Information given:

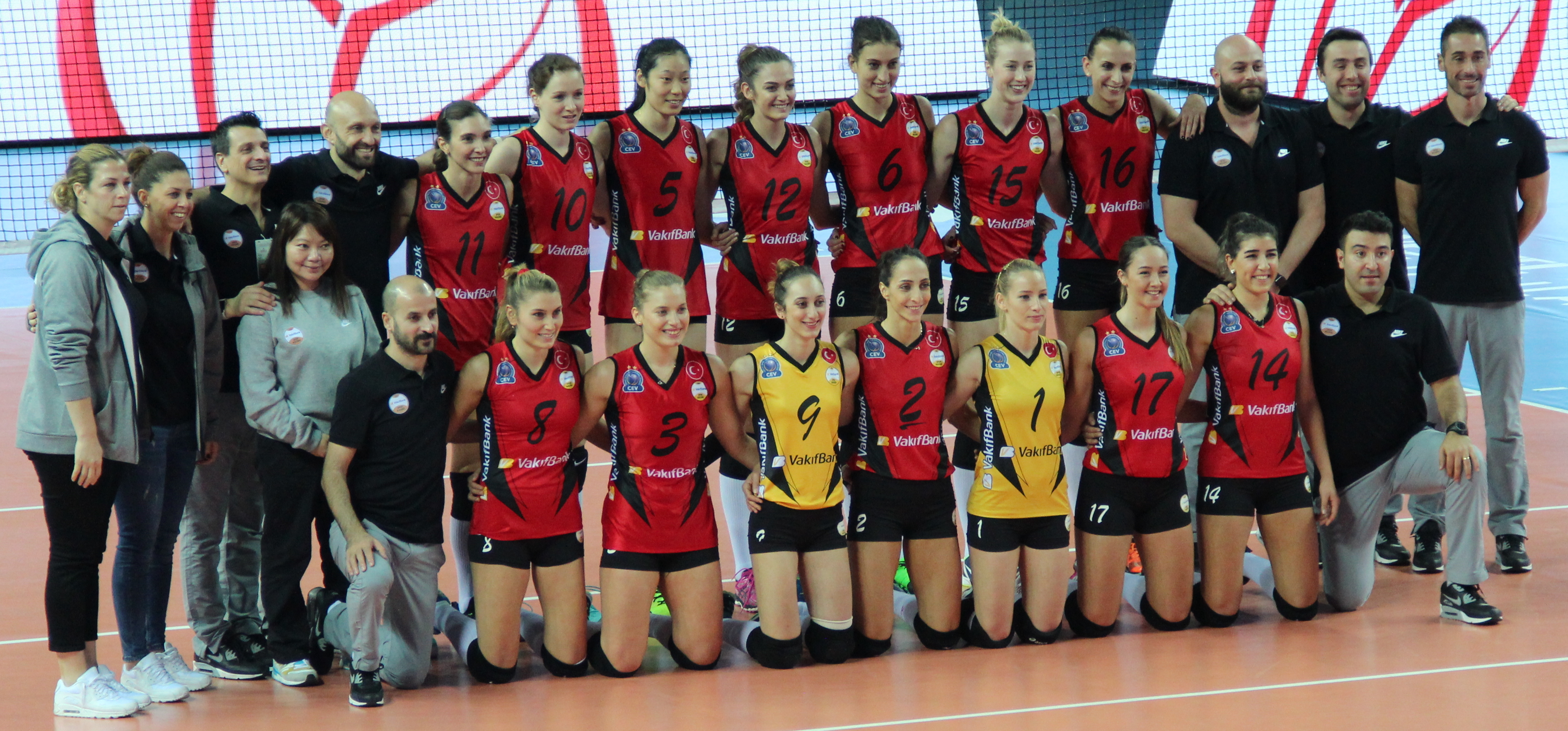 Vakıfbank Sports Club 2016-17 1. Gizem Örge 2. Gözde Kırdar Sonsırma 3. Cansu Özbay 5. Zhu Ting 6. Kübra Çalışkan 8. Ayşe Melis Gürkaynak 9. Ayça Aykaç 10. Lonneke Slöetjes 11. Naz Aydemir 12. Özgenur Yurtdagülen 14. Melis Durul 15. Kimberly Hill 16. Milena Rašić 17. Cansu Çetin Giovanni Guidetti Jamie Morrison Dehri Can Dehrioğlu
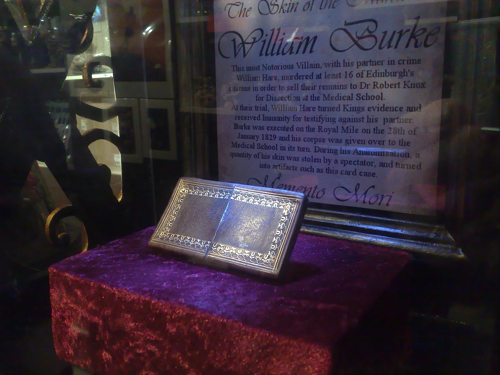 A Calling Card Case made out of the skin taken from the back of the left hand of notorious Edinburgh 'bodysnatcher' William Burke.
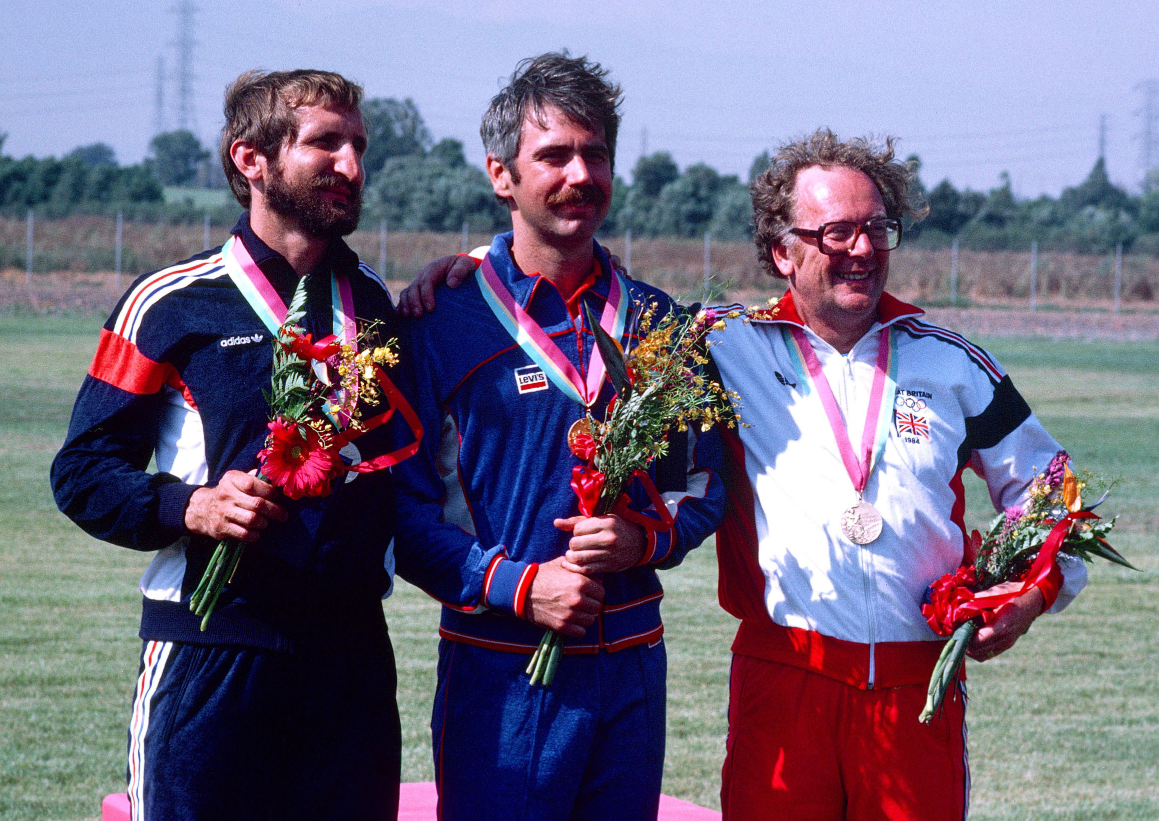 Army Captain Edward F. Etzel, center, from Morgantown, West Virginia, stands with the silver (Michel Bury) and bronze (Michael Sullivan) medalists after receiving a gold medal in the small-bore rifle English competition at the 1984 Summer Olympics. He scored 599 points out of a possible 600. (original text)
...
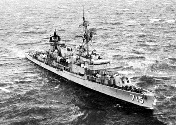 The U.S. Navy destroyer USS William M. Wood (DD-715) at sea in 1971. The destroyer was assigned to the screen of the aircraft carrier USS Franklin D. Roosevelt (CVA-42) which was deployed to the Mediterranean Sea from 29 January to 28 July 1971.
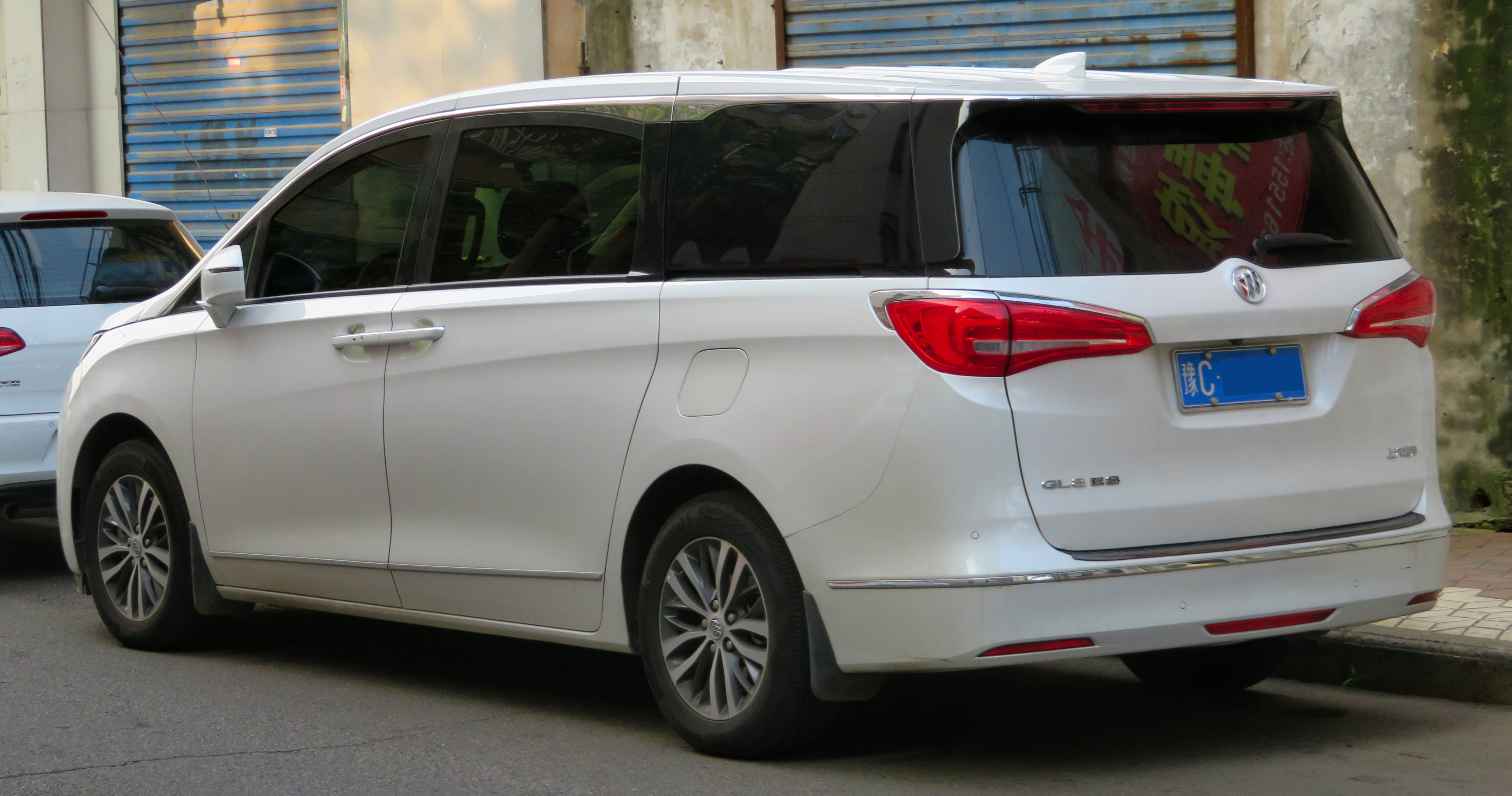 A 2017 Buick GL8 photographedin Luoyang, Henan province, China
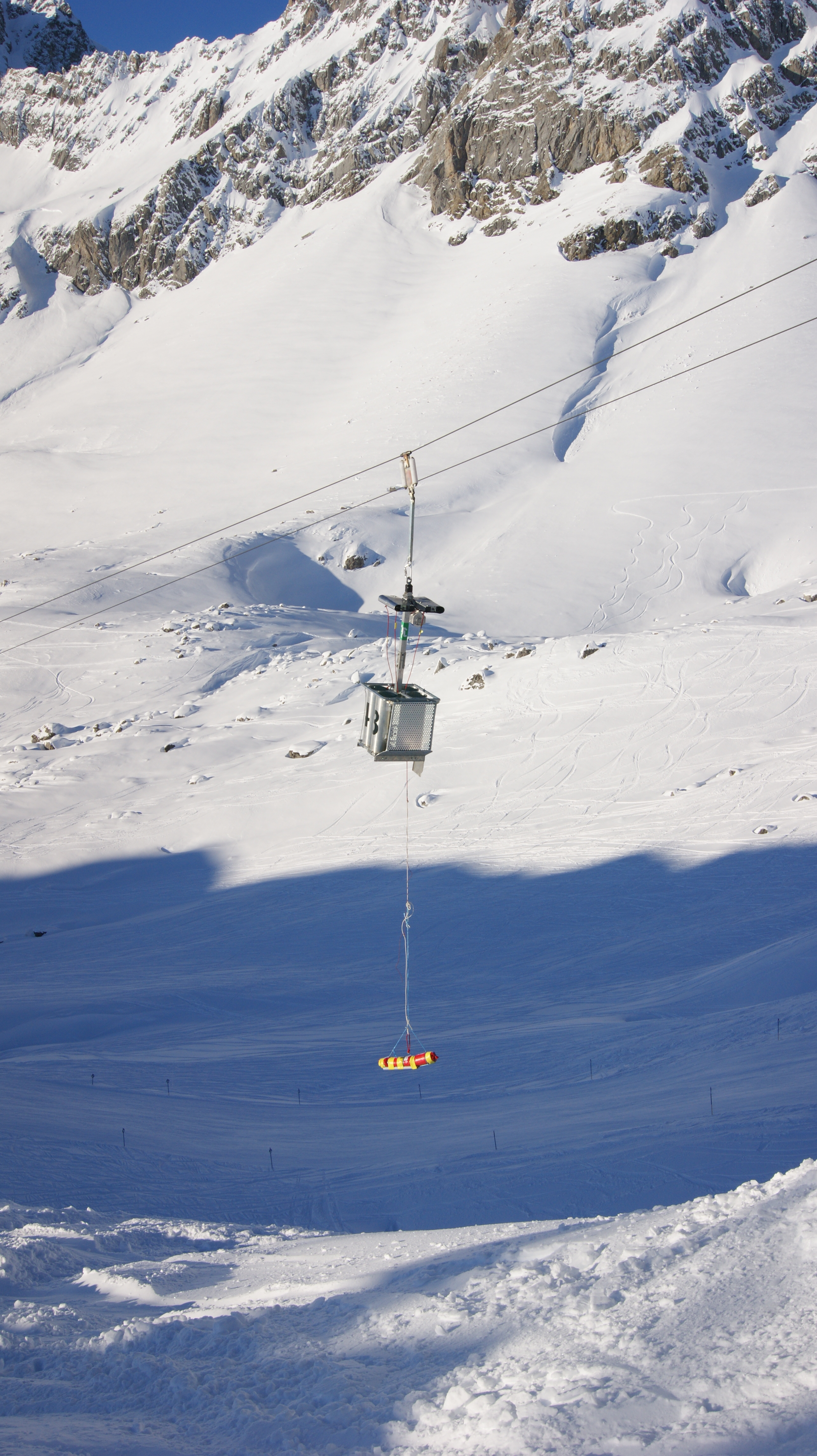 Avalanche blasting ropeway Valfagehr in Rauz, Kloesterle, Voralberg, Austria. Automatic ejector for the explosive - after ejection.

Aim of the exercise:
Using the material above, reproduce only the lines that run from the line with "A 2017 Buick" up to and including the line with "Avalanche blasting ropeway", exactly, with the pictures dropped.

The completed task:
 A 2017 Buick GL8 photographedin Luoyang, Henan province, China
 Avalanche blasting ropeway Valfagehr in Rauz, Kloesterle, Voralberg, Austria. Automatic ejector for the explosive - after ejection.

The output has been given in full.